There's the case of Microsoft versus Netscape and The Rest of the World™ where Gates did everything he could to cut the 'intruders' out of the PC market. Navigator was originally developed for Unix; one of the consultants at this site was approached by the Mozilla team and given the inside story. Mozilla decided to go with the Microsoft Foundation Classes as their development tools, a really bad mistake as Microsoft engineers themselves didn't dare touch them. And the leads of Netscape were summoned to Redmond and told in no uncertain terms that they were not to port Navigator to the PC. Naive as they were, unfamiliar with the tactics of Gates and Ballmer, they forged ahead anyway, and history shows us what consequences they suffered.

Ballmer initiated 'Windows tax' contracts with the OEMs. OEMs had to pay up front for Windows licences. These licences applied not just to computers that shipped with Windows: they applied to every computer manufactured, whether it shipped with Windows or not. Things were so tight in the OEM market that there was no way anyone could have survived without the sizeable rebates Microsoft gave them. Ballmer's 'Windows tax' became an effective barrier to entry: customers who wanted a system other than Windows had to pay double - had to pay for Windows anyway - meaning non-Windows was more work and more expensive.

OEMs weren't given a refund for unsold units. The unused Windows licences could only be applied in credit to a new contract. And further: OEMs were penalised for making it possible for too many customers to access Navigator.

ISPs were treated the same way. Many had links on their sites to Navigator, despite being given 'branded' versions of Internet Explorer, as Navigator was by far the most popular and 'best of breed'. But make it too easy for subscribers to find those links - or more correctly, let too many subscribers actually use those links - and you lost your perks with Gates and Ballmer.

IBM, the biggest and most venerated computer company in history, were perilously close to losing their OEM contract with Microsoft because of such a predicament: too many of their customers found and downloaded the Netscape Navigator.

And where did Internet Explorer come from? It came from the same family tree as Netscape Navigator, via a group from the same university and then via the company Spyglass. Gates struck a deal with Spyglass for their web browser, agreeing to pay Spyglass a nice royalty for every copy of Internet Explorer sold. The trick was of course that Gates never intended to sell Internet Explorer: he only wanted it to drive Netscape out of business. As TP Jackson's DOJ investigation established, Microsoft never tried to make the browser a 'best of breed' product: all they had to do was make it 'good enough' to get people to abandon the $29 Navigator.
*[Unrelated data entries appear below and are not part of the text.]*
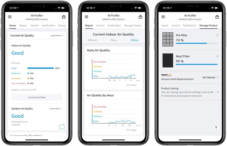 Part of the problem is that Coway actually changed its app. The original was, in my opinion, much easier to use. Its replacement is functional – you can manage multiple purifiers from a single account, including controlling all the front panel features remotely – but it doesn't look as elegant and it can be clunky in its operations.
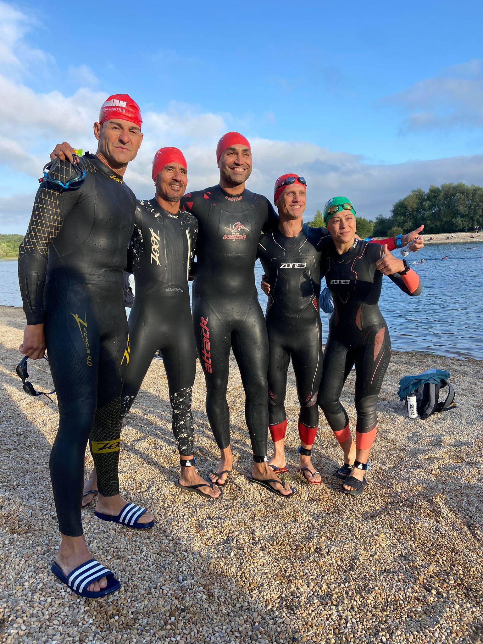 A las 4:45 sonaba la alarma. Pese a la oscuridad y el frío y la perspectiva de tirarme 12 horas seguidas (en el mejor de los casos) haciendo deporte, me sorprende que me levanto con ganas y una energía arrolladora. Salto de la cama y voy a la cocina a preparar los bidones y el desayuno. Desayunamos en el apartamento con los compis y terminamos de prepararlo todo. Salimos a la hora programada para ir a buscar el autobús que nos lleva al lago de Landa. Llegamos y ya está amaneciendo, cosa que se agradece. No hay nada de viento y la temperatura es fresca. De momento, tenemos todo de cara para que sea una jornada espectacular.
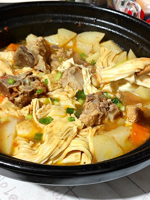 番茄去皮切小块,砂锅烧热加少许油,把番茄炒出沙,想要颜色更好看一点可以再加点番茄酱,然后加水再把排骨放进去先炖一会,排骨炖的差不多的时候把配菜放进去,土豆煮透了就可以。腐竹配上番茄汁真的很好吃,比土豆还好吃。
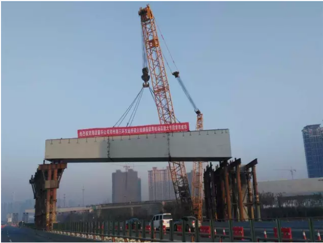 ? ? ? 昨晚,鄭州南三環(huán)二標跨機場高速主線橋鋼箱梁首節(jié)段歷時6小時順利吊裝就位,首吊節(jié)段長度32米,重量123噸,梁高3.8米,上跨機場高速,下穿高壓線吊裝,創(chuàng)下鄭州單節(jié)吊裝重量最大,長度最長,難度最高的鋼箱梁吊裝記錄,預計2016年12月31日可完成全橋鋼箱梁的安裝工作。
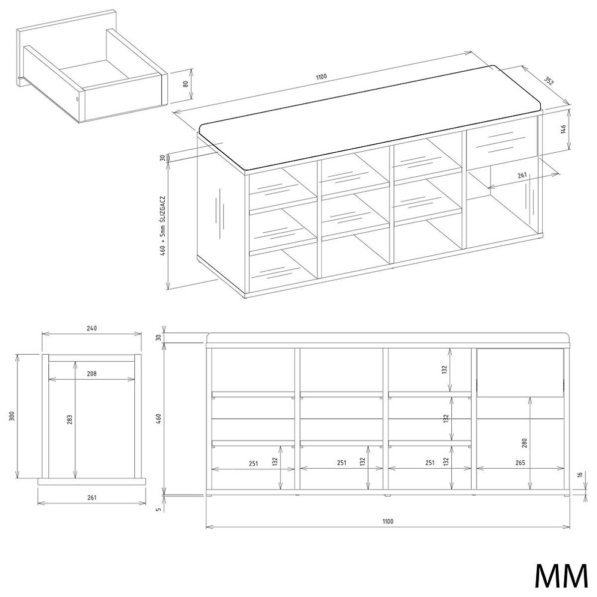 Szafka na buty TALLIN z siedziskiem i szufladą do przedpokoju. .. więcej
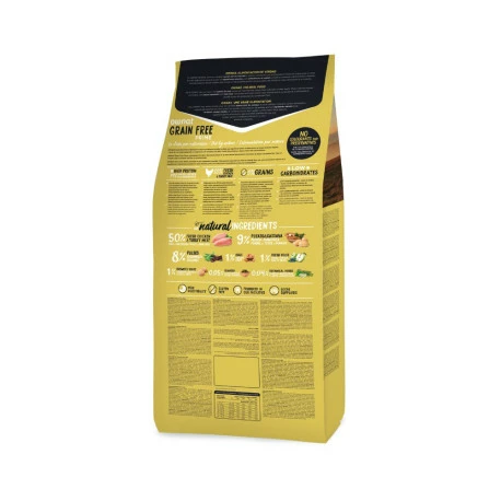 Poulet frais* (min. 25% avant l’extrusion), dinde fraîche* (min. 25% avant l’extrusion), poulet déshydraté (14%), petits pois entiers* (7%), graisse de volaille (préservée avec des antioxydants naturels), racines de manioc* (5%), poissons déshydratés (anchois du Pérou, chinchard et maquereau), porc déshydraté (4%), pomme de terre déshydratée* (4%), œuf déshydraté* (1%), huile de poisson (préservée avec des antioxydants naturels), protéines de poulet hydrolysées, pulpe de betterave, pomme* (1%), gousse de caroube* (1%), luzerne déshydratée*, levure de bière* (1%), sel gemme*, fructo-oligosaccharides et mannane-oligosaccharides, algues marines déshydratées* (500 mg/kg), glucosamine (500 mg/kg), yucca schidigera, chondroïtine sulfate (100 mg/kg), airelles* (100 mg/kg), thym* (80 mg/kg), fleur de camomille* (80 mg/kg), fenouil* (80 mg/kg), échinacée* (80 mg/kg), thé vert* (80 mg/kg). *INGRÉDIENTS NATURELS.
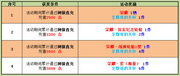 光辉荣耀!06月13日至06月19日活动――充值有礼
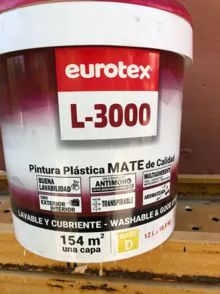 Pintura plástica mate de alta calidad, marca Eurotex, modelo L-3000. Ideal para interiores y exteriores. Azul cobalto - Acabado mate. - Buena lavabilidad. - Antimoho. - Transpirable. - Multiadherente. - Cubriente. - Rendimiento: 154 m² con una capa. - Base D. - Contenido: 12 L / 18,8 Kg.
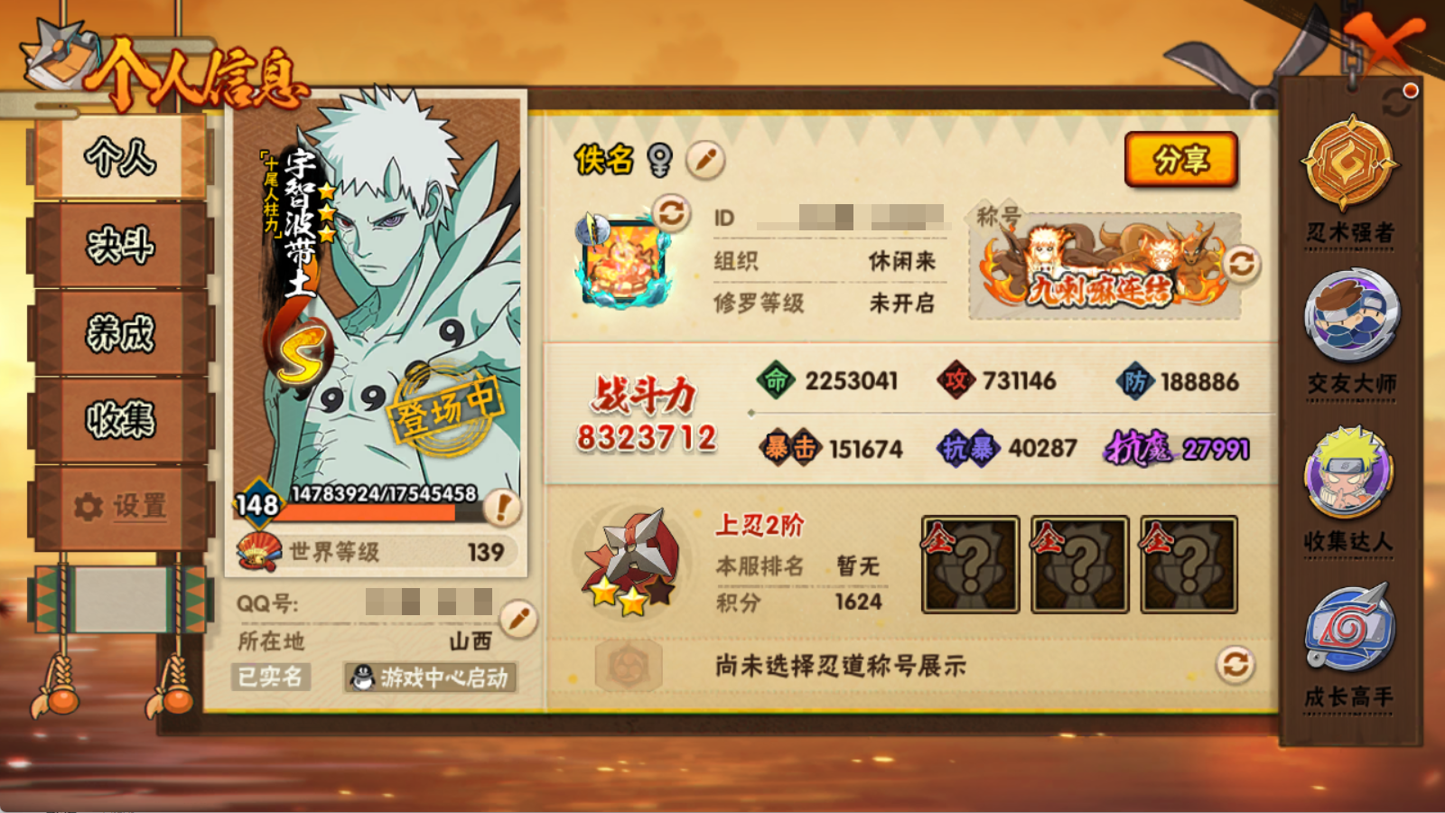 (可转苹果)832W战力 超哥 破面 五影斑 创柱28S+298点券小孩+扉武 妖怪纲手2个198直购38A+四百战

And just like with MS-DOS before it, Microsoft abandoned research and development as soon as they'd achieved market dominance, typical monopoly behaviour. The reason Gates needed to get that AARD code out there was that the OEMs had been clamouring for years for improvements in MS-DOS, but Gates, aware he already owned the market, wasn't interested.

The same applied to Internet Explorer once Netscape left the scene. Internet Explorer totally stagnated at that point, and to this day has not become fully standards compliant.

The one product Microsoft can claim as their own - a Ballmer 'de novo innovation' - is Windows. And what a mess it was. Microsoft and IBM shared responsibility and ownership of Windows through version 3.1, as they did for IBM's competitive OS/2. And OS/2 was every bit the mess Windows was until Ballmer called home his team after the unexpected success of Windows 3.0. Left on their own at last, IBM turned OS/2 into a formidable product. But it was too late: Gates had already taken the GUI market on the PC, and Windows 3.1 was a sensation like few other products. The icons were from Susan Kare, the same girl who'd made the icons for the Mac. The system was usable, if wobbly, and it still had to be booted from within MS-DOS, but it had a great file manager that took as many lines of code as the original entire Unix operating system.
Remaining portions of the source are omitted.